Extracting Practical, Actionable Energy Insights from Supercomputer Telemetry and Logs
Melanie Cornelius, Greg Cross, Shilpika Shilpika, Matthew T. Dearing, Zhiling Lan
TL;DR
This work tackles the challenge of understanding GPU power consumption in production HPC workloads by co-analyzing diverse system logs from the Polaris supercomputer. It introduces a data preprocessing and post-processing workflow that unifies heterogeneous telemetry and scheduler data, yielding actionable insights while reducing data volume by 94%. The study reveals that GPU power is heavily dominated by idle power, memory utilization is generally low, and memory allocation has limited direct impact on power, motivating practical opportunities such as idle-power reduction and job-level power management, supported by RI-based metrics for variability.

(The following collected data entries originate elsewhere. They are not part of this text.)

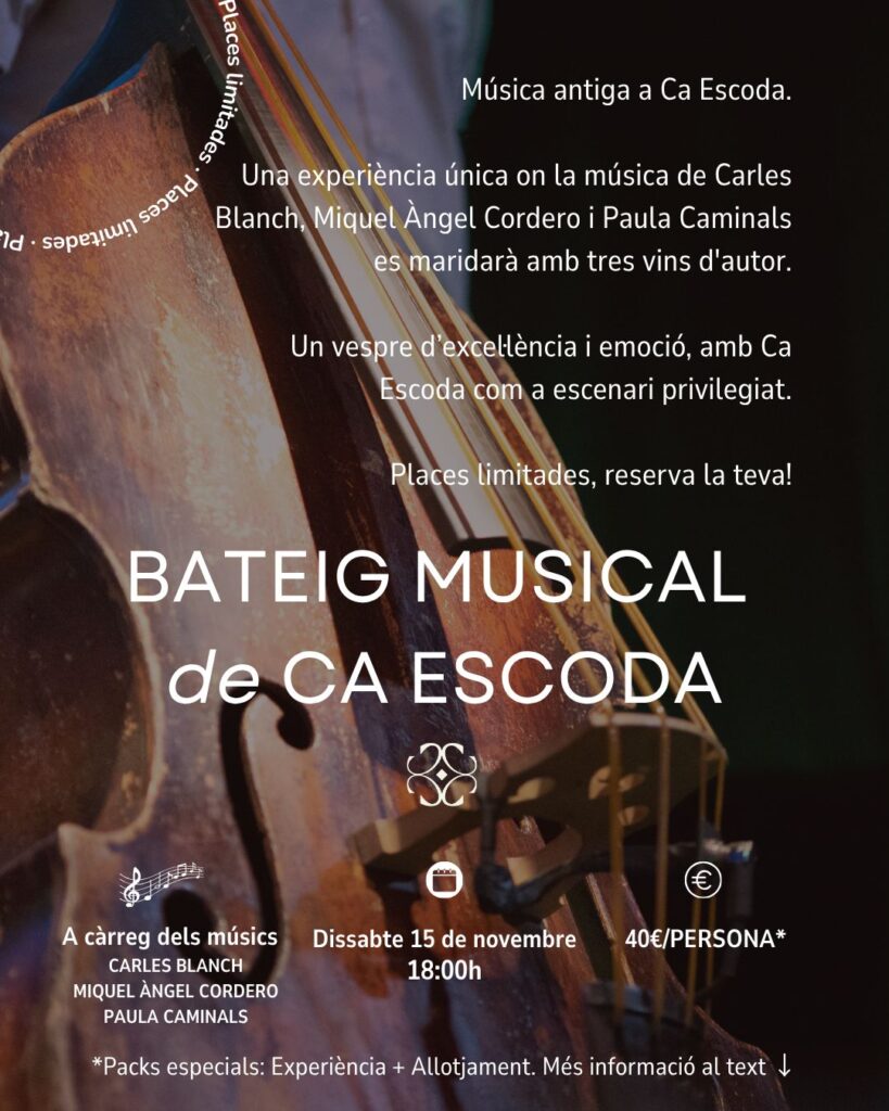 El proper dissabte 15 de novembre, Ca Escoda tanca la temporada d’esdeveniments per preparar-se per a la que ve, recollir-se i donar la benvinguda als artistes que vulguen crear des d’un lloc íntim, tranquil i rodejat de natura. Ho fa amb un bateig musical a càrrec de Carles Blanch, Miquel Àngel Cordero i Paula Caminats, amb maridatge de tres vins d’autor.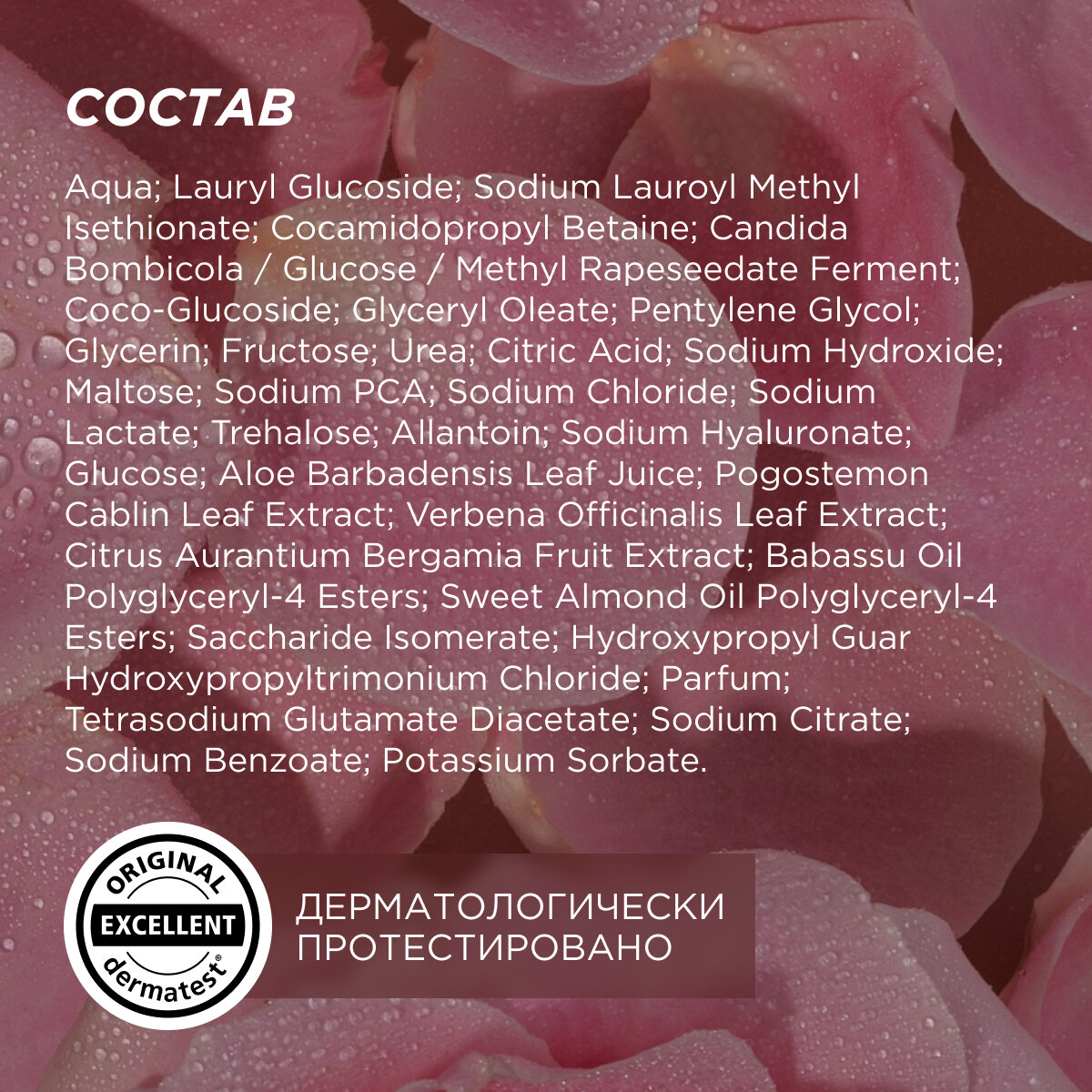 | Состав | aqua; lauryl glucoside; cocamidopropyl betaine; sodium lauroyl methyl isethionate; rapeseed sophorolipids; lauroyl/myristoyl methyl glucamide; coco glucoside; glyceryl oleate; pentylene glycol; glycerin; fructose; urea; citric acid; sodium hydroxide; maltose; sodium pca; sodium chloride; sodium lactate; trehalose; allantoin; sodium hyaluronate; glucose; aloe barbadensis leaf juice; parfum ; babassu oil polyglyceryl-4 esters; sweet almond oil polyglyceryl-4 esters; hydroxypropyl guar hydroxypropyltrimonium chloride; saccharide isomerate; tetrasodium glutamate diacetate; verbena officinalis leaf extract; citrus aurantium bergamia fruit extract; sodium citrate; sodium benzoate |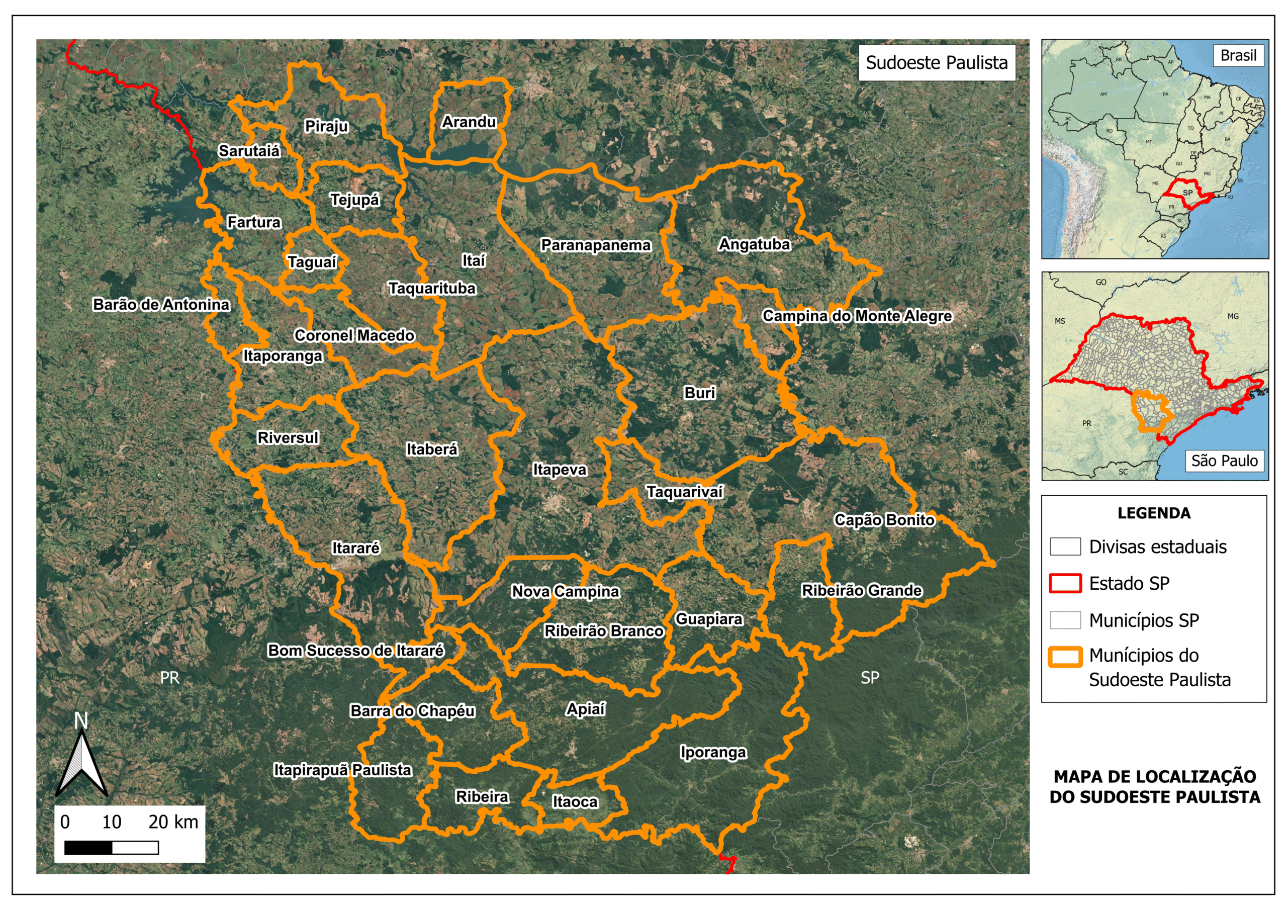 Mas antes, é importante você saber que o Sudoeste Paulista é uma região composta por 32 municípios, localizados próximos da divisa do estado de São Paulo com o Paraná, como mostra a Figura 1.

The authors provide an open-source analysis tool and dataset to enable reproducible, system-wide power optimization in heterogeneous HPC environments and outline avenues for extending the work to other systems and deeper domain analyses.
Abstract
As supercomputers grow in size and complexity, power efficiency has become a critical challenge, particularly in understanding GPU power consumption within modern HPC workloads. This work addresses this challenge by presenting a data co-analysis approach using system data collected from the Polaris supercomputer at Argonne National Laboratory. We focus on GPU utilization and power demands, navigating the complexities of large-scale, heterogeneous datasets. Our approach, which incorporates data preprocessing, post-processing, and statistical methods, condenses the data volume by 94% while preserving essential insights. Through this analysis, we uncover key opportunities for power optimization, such as reducing high idle power costs, applying power strategies at the job-level, and aligning GPU power allocation with workload demands. Our findings provide actionable insights for energy-efficient computing and offer a practical, reproducible approach for applying existing research to optimize system performance.